Since angelfish are cichlids, they can be slightly territorial and aggressive. However, mollies are dwarf gouramis and are ideal tank mates for angels. They are peaceful, hardy, and almost the same size as angelfish.

Small freshwater catfish and Pictus are also good choices as these species like to keep themselves. While most barbs, especially tiger barbs should be avoided, cherry barbs are safe to add. When kept in schools, they aren’t as prone to nip.

Dwarf cichlids, belonging to the same family, are excellent tank mates. They’re slightly timid and very peaceful schooling fish. Many aquarists have noted that dwarf cichlids tend to spend their time hiding with adult angels in the tank. However, it’s important to monitor all the fish species to ensure their safety.

Angelfish are generally peaceful. The only time they do get aggressive is during feeding or breeding. They tend to nip at other fish species when threatened. Therefore, only add to a tank with peaceful, similar-sized species.

Breeding Freshwater Angelfish

Apart from adding young specimens to your aquarium, angelfish are also very easy to breed. When introduced to a school, these species pair of naturally. After that, they will set aside a territory and mate on their own.

Once you notice the pairs, you can then prepare for breeding. The ideal breeding environment needs at least a 20-gallon tank with very low flow. The tank should have a slanted, vertical surface made of tiles and PVC pipes. You should also add Anacharis as it makes for good spawning ground.

Keep the temperature warm, around 82 Degrees F. When it’s time to lay the eggs, the female will spend a lot of time near the spawning ground. She will lay 200-400 eggs that will be fertilized. After that, the parents rear the fry for a month, after which the fry can be set aside in a different rearing tank.

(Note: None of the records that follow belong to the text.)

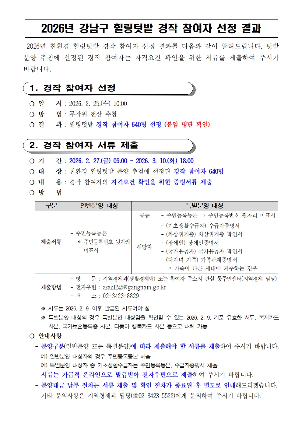 2026년 친환경 힐링텃밭 경작 참여자 선정 결과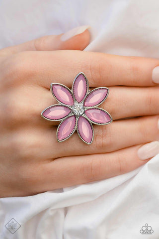 Prana Paradise - Silver - Flower Paparazzi Dainty Ring - April 2021 Glimpses of Malibu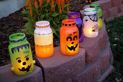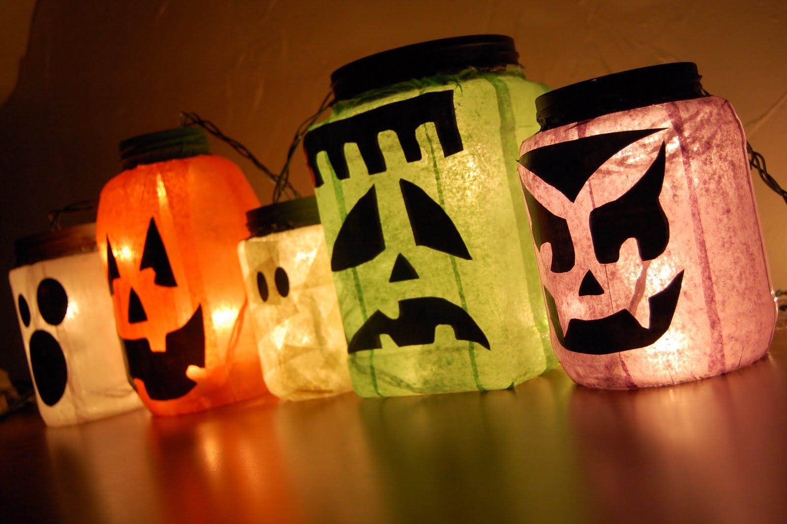 Uma alternativa econômica para fazer lanternas de Halloween é reutilizar vasilhames de vidro. Limpe-os bem e forre-os com papel colorido, de preferência seda para deixar passar a luz. Desenhe caretas em papel autocolante preto e cole no vasilhame. Coloque no interior velas e terá lanternas muito divertidas e coloridas.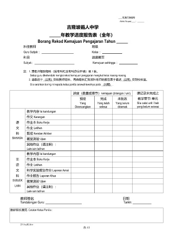 Borang Rekod Kemajuan Pengajaran Tahun ________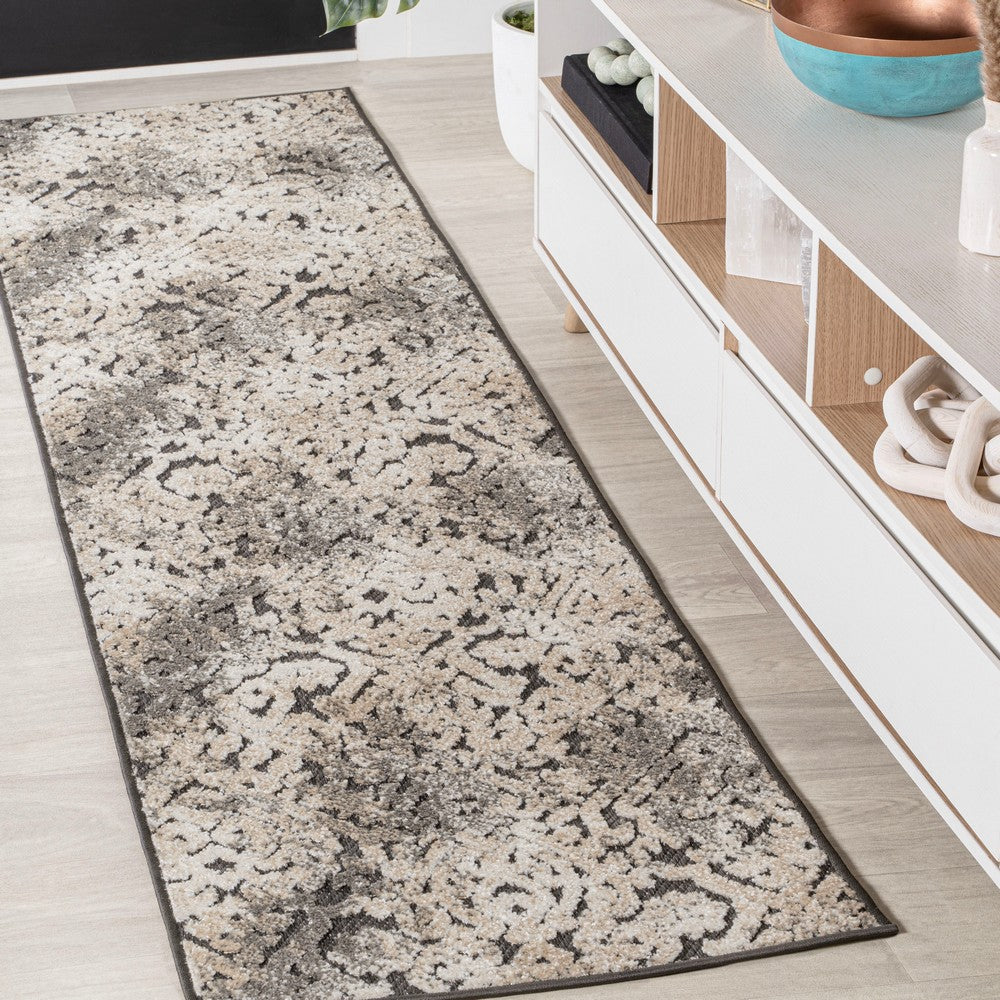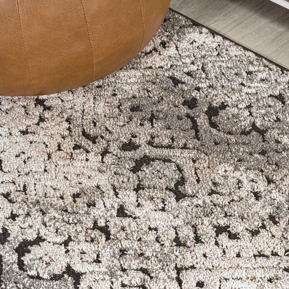 This unique rug combines shabby chic damask with modern glam for a distressed and overdyed look. The busy pattern is a family-friendly addition to the living room, dining room, bedroom, porch or patio. Made from pet-friendly synthetic fibers, this rug is easy to clean.

Feed the fry brine shrimp larvae meshed with hardboiled eggs mixed in water. After 5-7 weeks, you can feed the fry fried foods and flakes. Once it has been 6-8 weeks in the rearing tank, you can transfer the angelfish to an adult tank. However, add them gradually to ensure minimal stress.

Add angelfish only when the tank is well-filtered and has the right pH level and temperature. If you add them to a tank with high ammonia or nitrate levels, they can get extremely stressed.

Angelfish need plenty of time to adjust to a new aquarium. Use the instructions above to decide the best time to add your angelfish to the tank!